- Education: University of Washington
- Culinary career
- Current restaurant Musang;
- Award won Food and Wine Magazine's 2022 Best New Chefs;

= Melissa Miranda =

American chef and restaurateur

Melissa Miranda is an American chef and restaurateur. Miranda was named one of Food and Wine Magazine's 2022 Best New Chefs and is a 2023 James Beard Award semifinalist. She is the founder of Musang, a Filipino restaurant located in Seattle's Beacon Hill neighborhood.

== Early life ==
As a child, Miranda recalls her father's passion for food, as well as watching her grandmother cook, both of which served as moments of inspiration for her career as a chef.

Miranda studied at the University of Washington, graduating in 2007 with a degree in sociology. As a student, Miranda began working front of house in restaurants to earn some extra money. Following her graduation, Miranda worked at Nordstrom in fashion management, eventually moving to Italy. She attended culinary school in Florence and cooked at restaurants in New York City before moving back to Seattle.

== Career ==

In 2016, Miranda founded Musang as a pop-up. Miranda named the restaurant after her father's nickname, meaning "wildcat' in Tagalog, which was given to him because he drove a Mustang. She got funding to start a brick-and-mortar restaurant via Kickstarter, raising a total of $91,000. The restaurant opened in early 2020. Miranda appeared on Marcus Samuelsson's PBS show "No Passport Required" at the start of 2020. In March 2020, Miranda shut down the restaurant as the COVID pandemic hit, eventually pivoting to create a community kitchen.
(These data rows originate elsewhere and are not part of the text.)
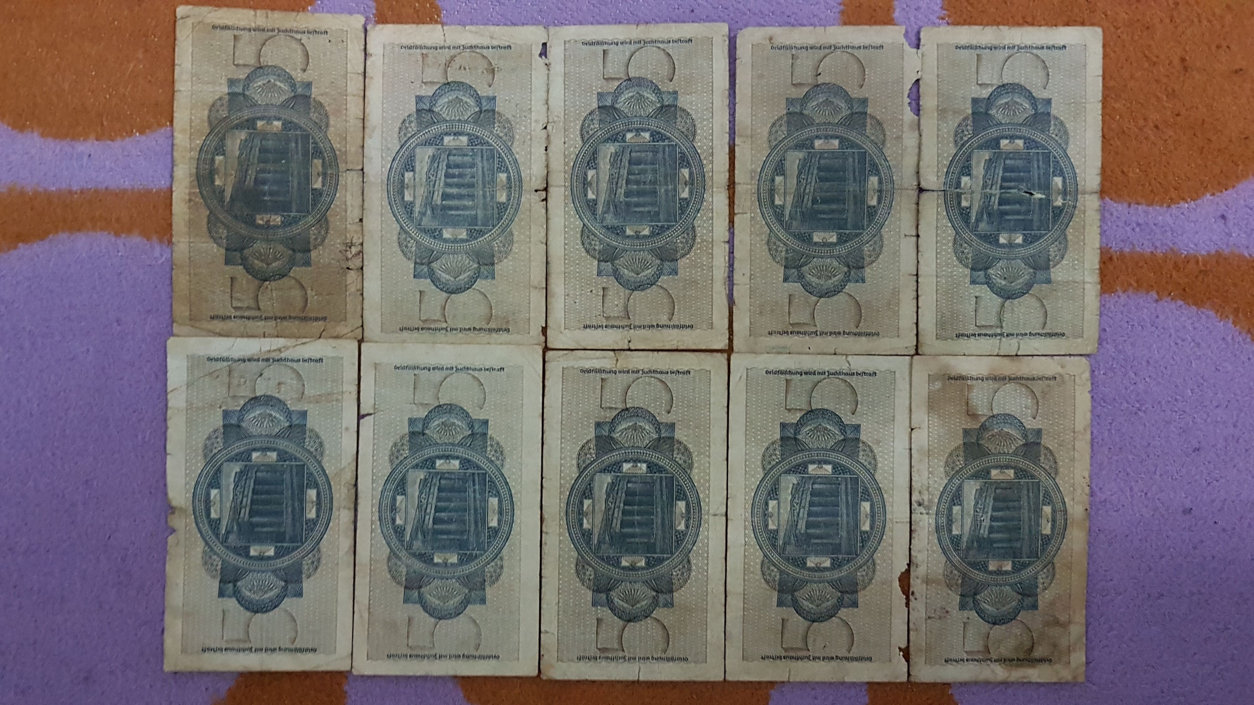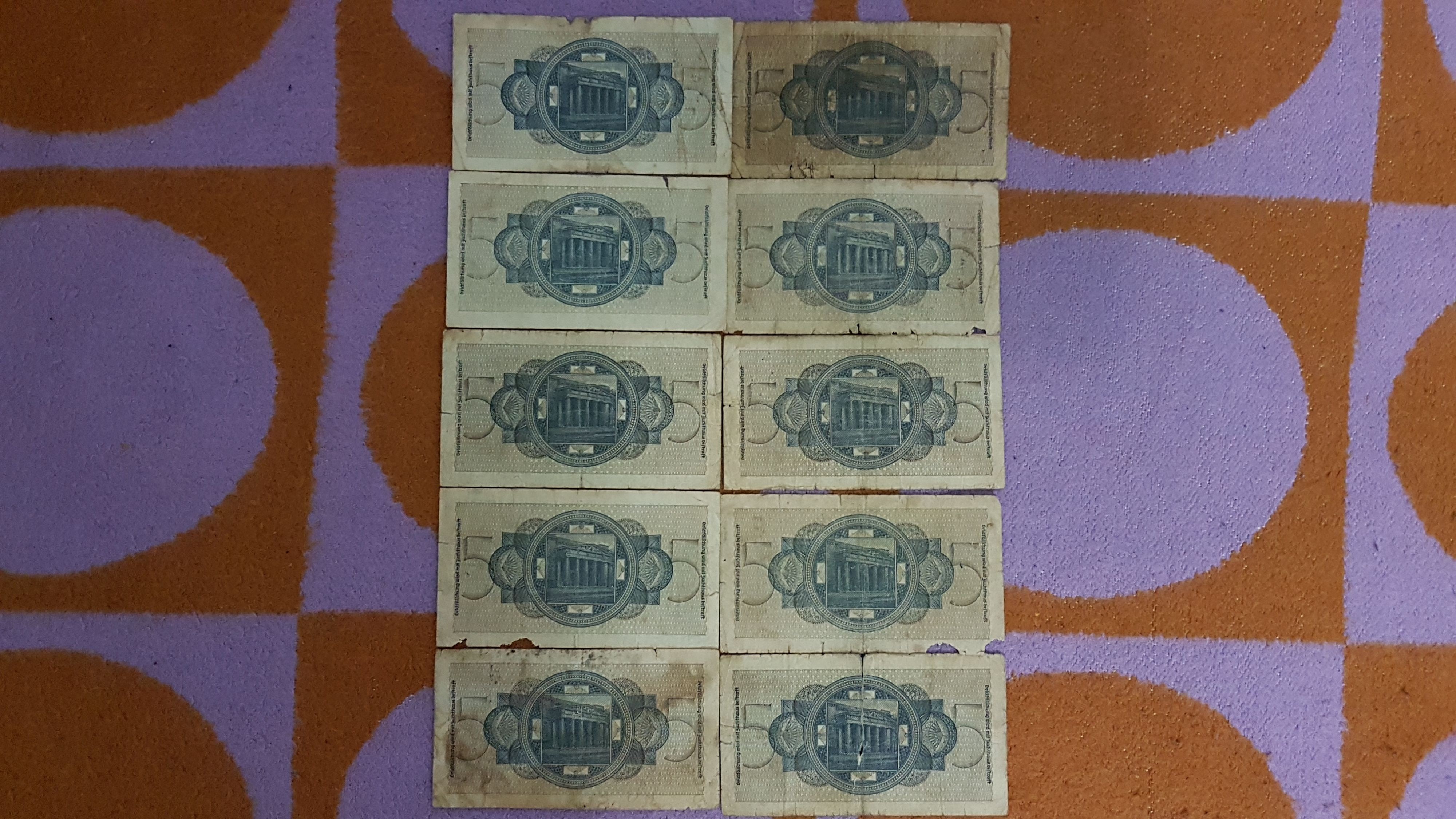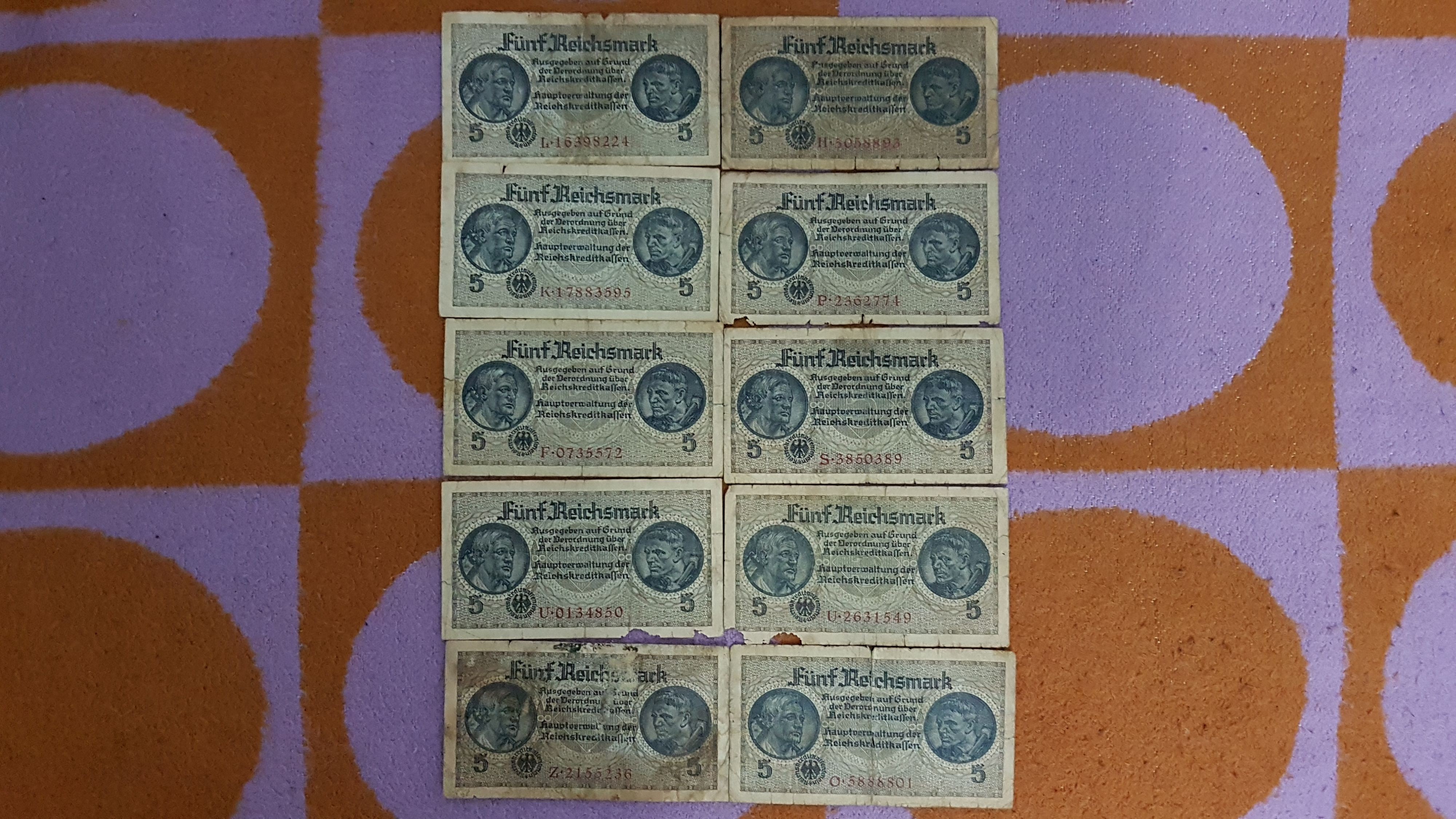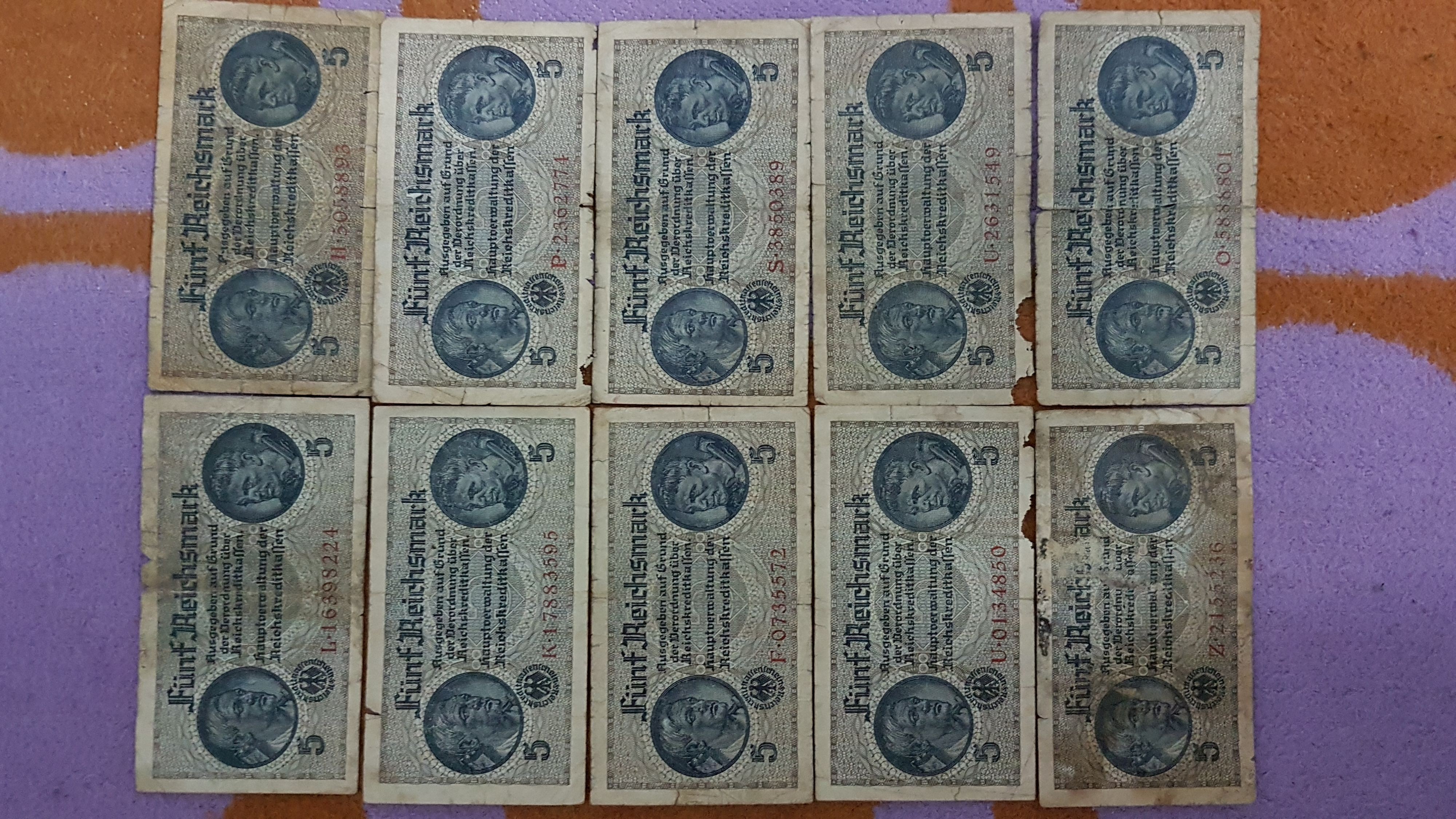 5 Reichmark,fara data,perioada 1939-1944,pt cunoscatori.Detin 10 bucati.Starea lor se poate vedea in poze.Pret=300 lei tot lotul.La bucata pretul difera in functie de starea bancnotei respective.Cer si ofer maxima seriozitate. Va multumesc pentru intelegere!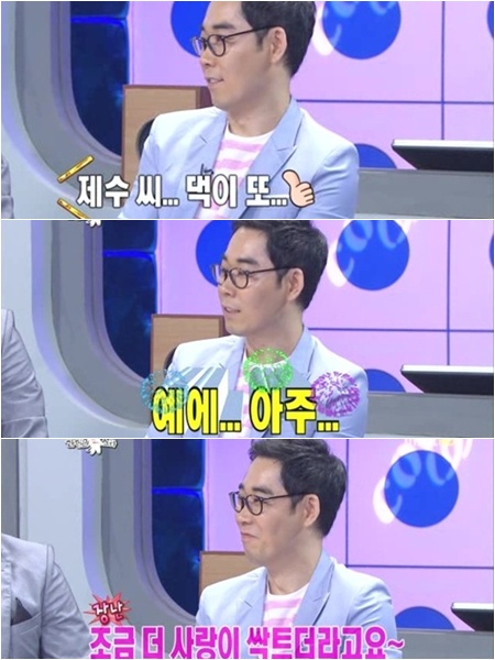 "아내의 집안에 대해서는 언제 알게 됐냐"는 김구라의 집중 추궁에는 "사귀고 난 3개월 뒤에 알게 됐다. 아버지가 사업을 한다고 하셔서 어떤 사업을 하냐고 물었다"라며 "(그 이후) 좀 더 사랑이 싹트더라"고 너스레를 떨기도.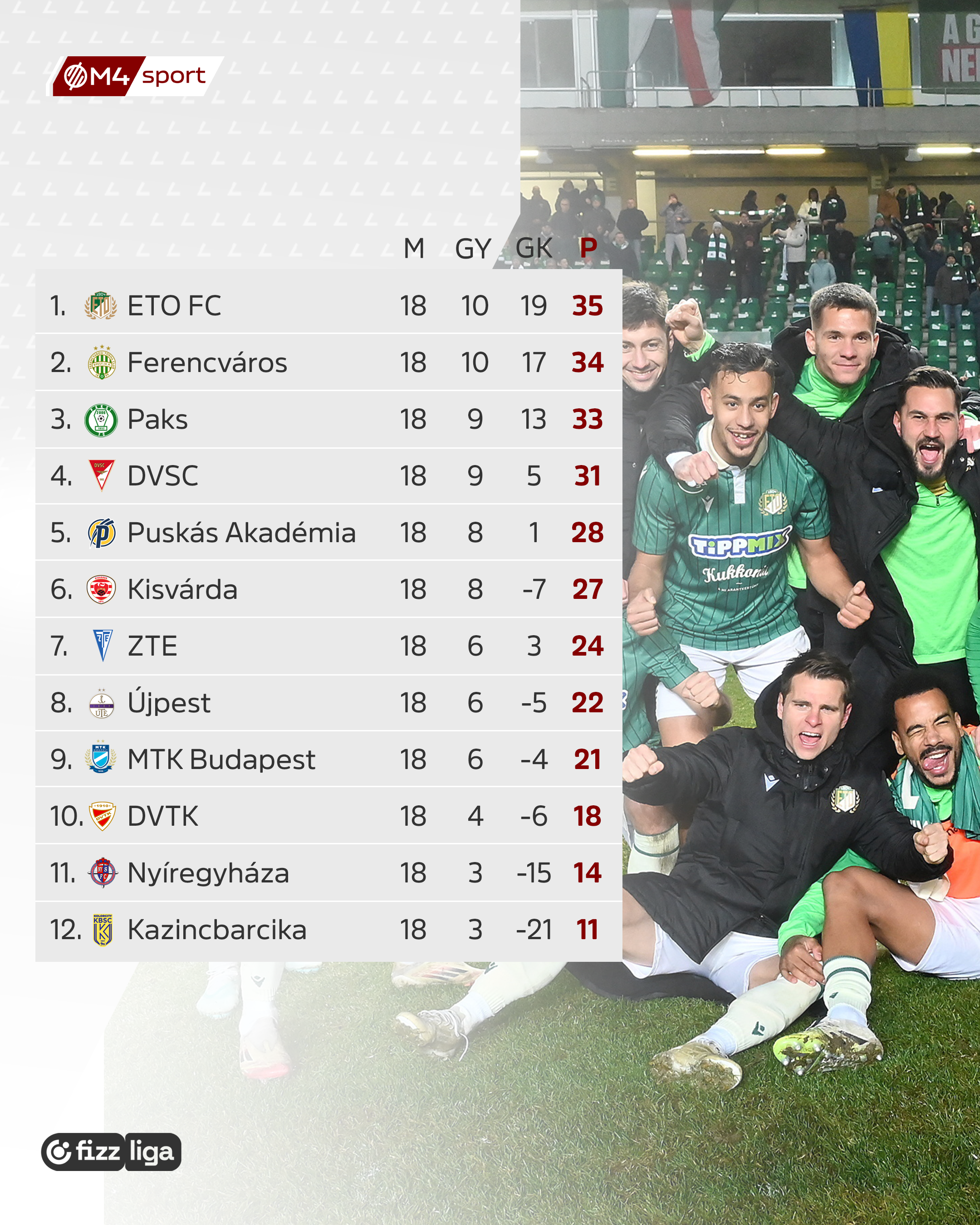 Ötvenöt méterről lőtt góllal ért véget a hazai első osztályú klubfutball őszi idénye. Nagyjából reális sorrend alakult ki a tabellán. Az első két helyen a nemzetközi mérkőzésekre alkalmas két csapat állomásozik, igaz, a várthoz képest fordított sorrendben. Az FTC helyett az ETO tanyázik az élen.
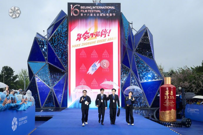 2026年4月16日,北京国际电影节开幕式红毯迎来一抹独特的“职场风景”——电影《年会不能停2!》剧组以创意十足的“打工人”造型登场,导演董润年、制片人应萝佳携领衔主演张若昀、白客亮相,用公文包、工牌和诙谐互动精准呼应影片内核,瞬间点燃全网话题焦点。
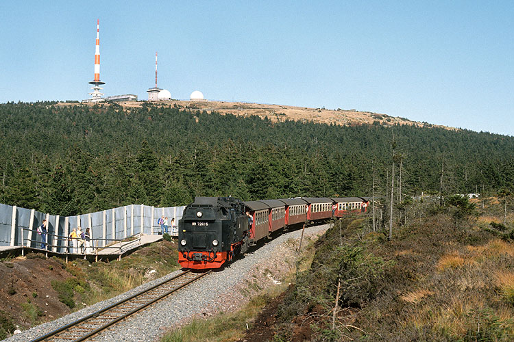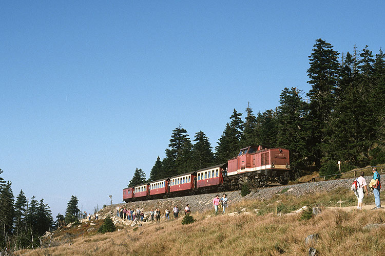 Am 15.09.1991 war es endlich soweit, die Brockenbahn wurde wieder für den öffentlichen Personenverkehr in Betrieb genommen. Menschenmassen bevölkerten das Brockenplateau und feierten ausgiebig dieses denkwürdige Ereignis. Zwei Sonderzüge fuhren als erstes auf den Brocken, hier Zug 2 mit 99 7244 und links Vorspannlok 99 5902. |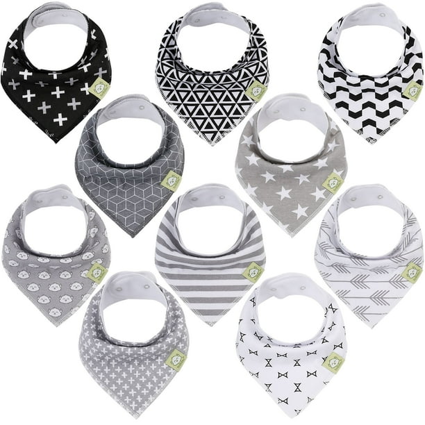 10-Pack Baby Bandana Drool Bibs - Bandana Bibs for Boys, Girls - Super Absorbent Bandana Drool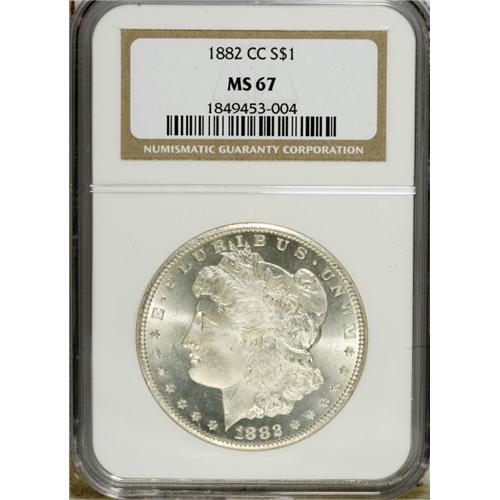 <B>1882-CC S$1 MS67 NGC.</B></I> Among Carson City Mint Morgan dollars, this issue is one of three common dates, being present in great quantities among coins distributed by the GSA in the 1970s. This Superb Gem specimen is fully brilliant and sharply struck with excellent contrast between lustrous devices and mirrored fields. No finer examples of this issue have been graded by NGC. Census: 38 in 67, 0 finer (1/07).<BR><BR><b>Shipping:</b> Coins & Currency (<a target="_blank" href="http://www.heritageauctions.com/common/shipping.php">view shipping information</a>)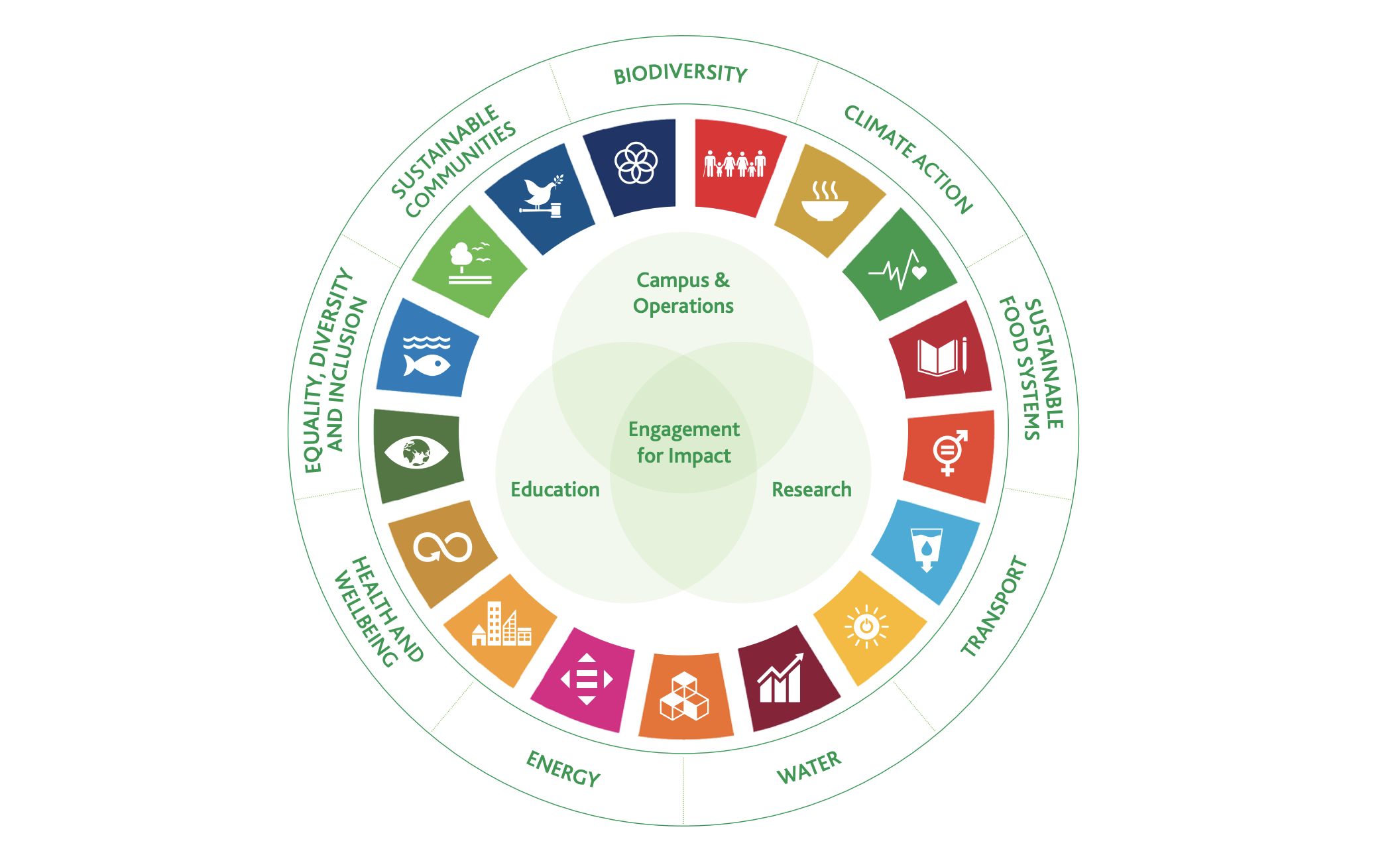 Our objectives focus on research, innovation and impact for the SDGs, action for climate change and biodiversity, fostering climate resilience, empowering staff and students, using the campus as a living lab and embedding sustainability in the governance and policy of the university.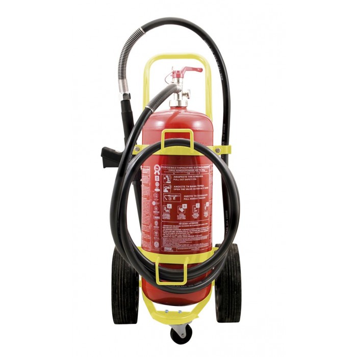 Τροχήλατος Πυροσβεστήρας, 50Lt Αφρού AFFF 6%, με Λάστιχο Εκτόξευσης Υλικού 5 μέτρων. Δοχείο με εσωτερική αντιδιαβρωτική προστασία. Με κλείστρο με Βαλβίδα Ασφαλείας Μανομέτρου.
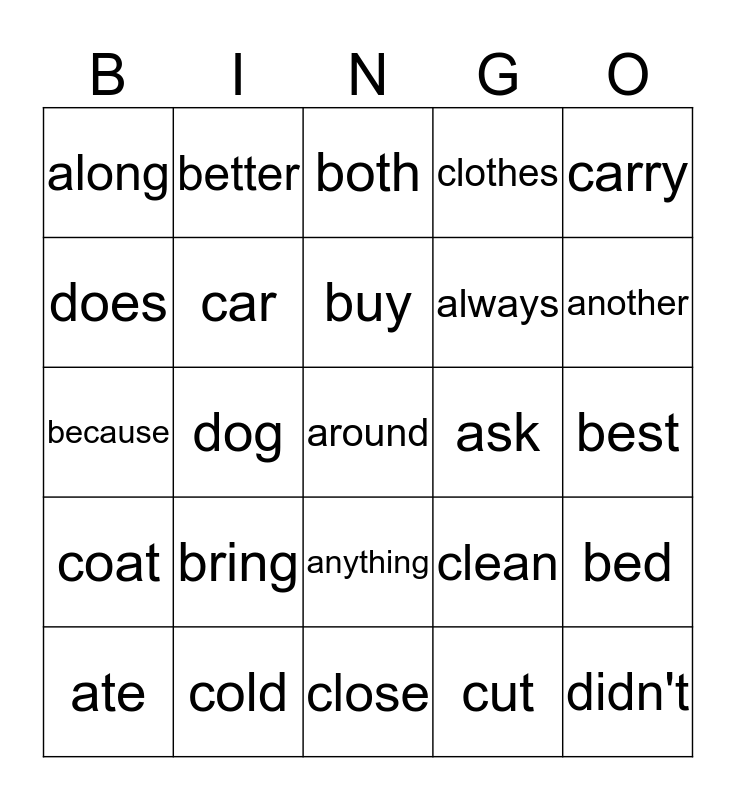 This bingo card has a free space and 24 words: bring, cold, buy, ate, carry, along, does, better, ask, anything, always, because, clean, bed, car, cut, best, both, another, dog, didn't, coat, clothes and close.

Eventually, she reopened the restaurant.

In her restaurants and her publications, Miranda focuses on combining classic Filipino flavors with locally sourced, seasonal produce. At Musang, she focuses on educating the public about Filipino food through the restaurant's menu. She also founded the Musang Little Wildcats program, a Filipino food education initiative for kids. She also starred in multiple videos for Bon Appetit Magazine and published six recipes on their website.

In 2022, Miranda was named one of Food and Wine Magazine's Best New Chefs. Furthermore, in January 2023, Miranda was named a James Beard Award semifinalist.

As of 2023, Miranda is working on opening Kilig in Seattle's International District, which will serve bulalo and pancit.